Cloudflare’s Issues:

While the direct cause was related to the data center, there were also indirect factors.

Cloudflare’s fast-paced innovation allowed teams to implement new features without extensive testing.

During the failover process, failed API calls surged due to the technical glitch. With too many failed API calls, Cloudflare had to restrict request rates until around 17:57 UTC when the backup site was mostly operational.

Some newer products had not undergone full disaster recovery testing, which meant that certain services remained unavailable.

At 22:48 UTC on November 2, Flexential finally replaced the circuit breakers and began supplying power from the utility. Cloudflare’s team, who had been working tirelessly, decided to take a break, as the backup site could now handle most services.

Starting on November 3, Cloudflare began the process of restoring the Flexential data center.

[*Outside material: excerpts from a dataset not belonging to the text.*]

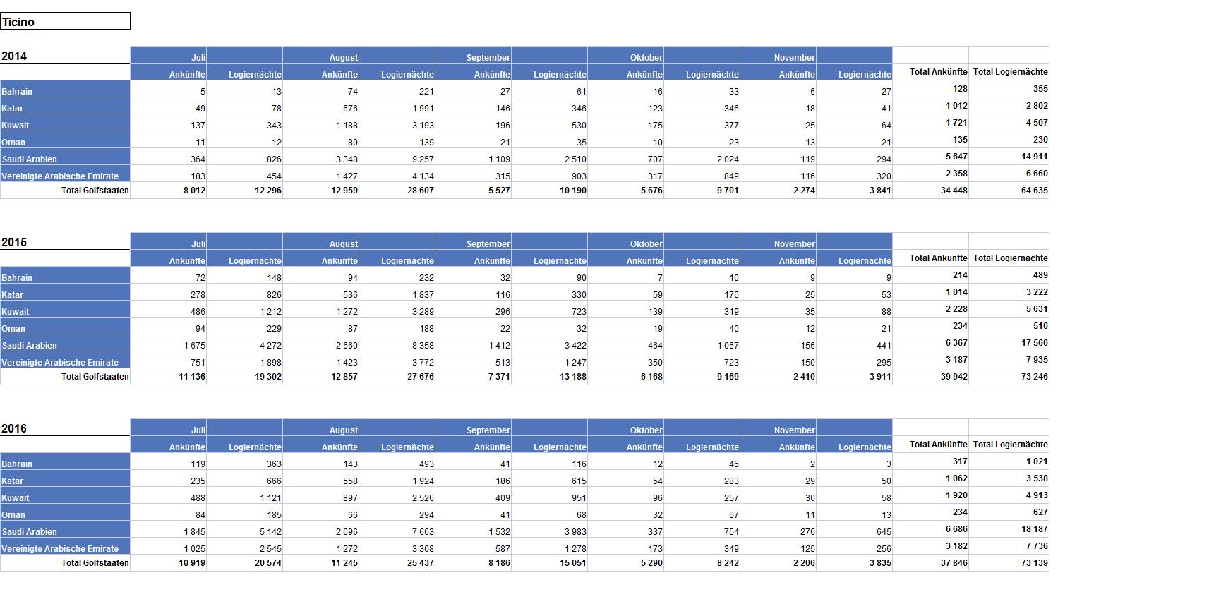 Ankünfte/Logiernächte aus Golfstaaten im Tessin, vorläufige Statistik des BFS, Stand 1. Februar 2017 - zum Download/Vergrössern
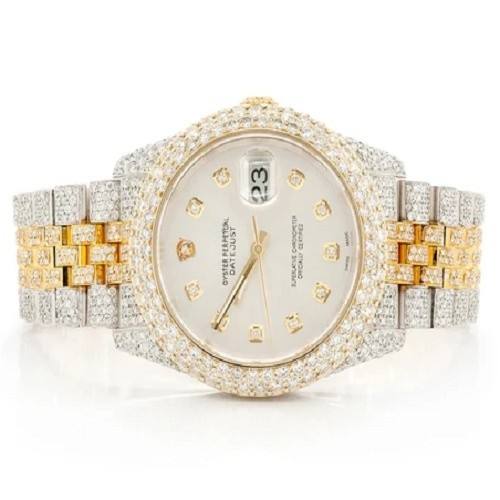 นาฬิกาหรูสำหรับผู้หญิงหน้าปัดเพชรโมอิสสีขาวสองโทนสีขาวและสีเหลืองทำด้วยมือ
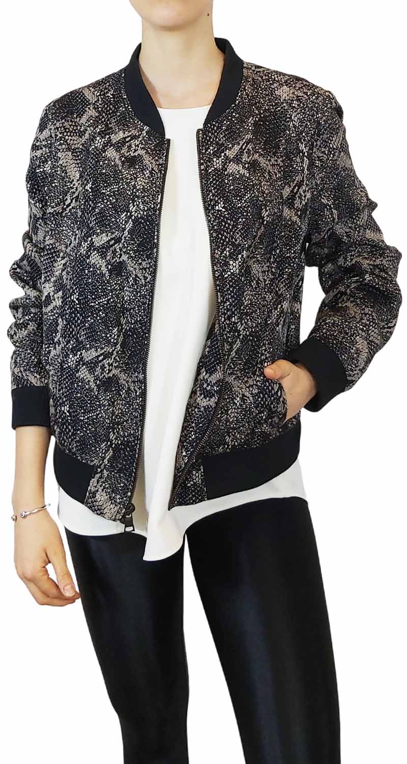 Chaqueta bomber Animal Print estilo Reptil con cuello, puños y pretina de Rib en color Negro.
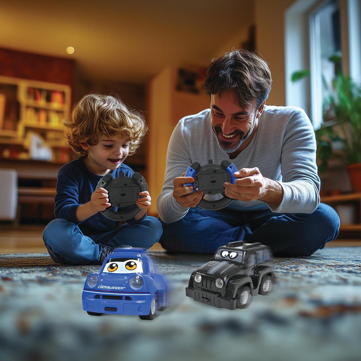 * Set de 2 voitures : pour des courses déjantées entre amis ! * Une télécommande en forme de volant facile à utiliser ! * Le capteur G de la voiture intègre un bouton ON/OFF, ce qui permet aux utilisateurs d'activer ou de désactiver facilement ses fonctionnalités ! * Effets sonores * Vitesse : jusqu'à 12KMH *Fréquence : 2.4G *Distance de fonctionnement : 15 mètres
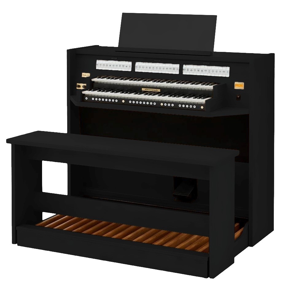 Die Variationen, die man mit dem Johannes Studio 150 machen kann, sind endlos. Die Orgel hat 28 Stimmen, aber das ist noch nicht alles. Jede Stimme kann in vier verschiedenen Stilen gespielt werden: romantisch, symphonisch, barock und historisch. Da jede Stimme in jedem Stil völlig anders klingt, kann man die Orgel auf seine persönlichen Klangvorlieben oder auf die Werke der Komponisten, die man spielen möchte, abstimmen. Für Liebhaber gibt es auch die Studio 350, eine Orgel mit drei Manualen und einer etwas umfangreicheren Disposition mit 37 Stimmen.
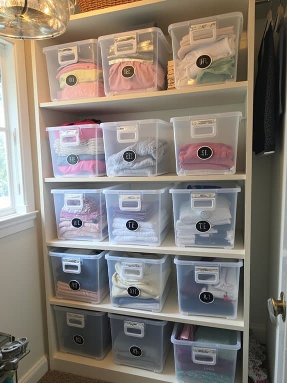 Dive right into organizing with a labeled bin system to make your closet a breeze to manage. With labeled bins, you’ll find items fast and keep chaos at bay. Grab some 12-quart bins, about 16 inches long, and label them for socks, scarves, or belts. Place them on shelves for easy access within 10 minutes of setup.

This involved physically starting network equipment, booting thousands of servers, and restoring services. The servers also required reconfiguration, which took an additional three hours to rebuild management configuration servers. Some services depended on others, so the order of operations was crucial.

Once the configuration servers were operational, engineers started working on other servers, with each server taking between 10 minutes and 2 hours to rebuild. The entire service was finally restored at 04:25 UTC on November 4.

For users interested in operations, it is recommended to read Cloudflare’s original post-mortem to learn from the lessons: CloudFlare Post-Mortem on Control Plane and Analytics Outage.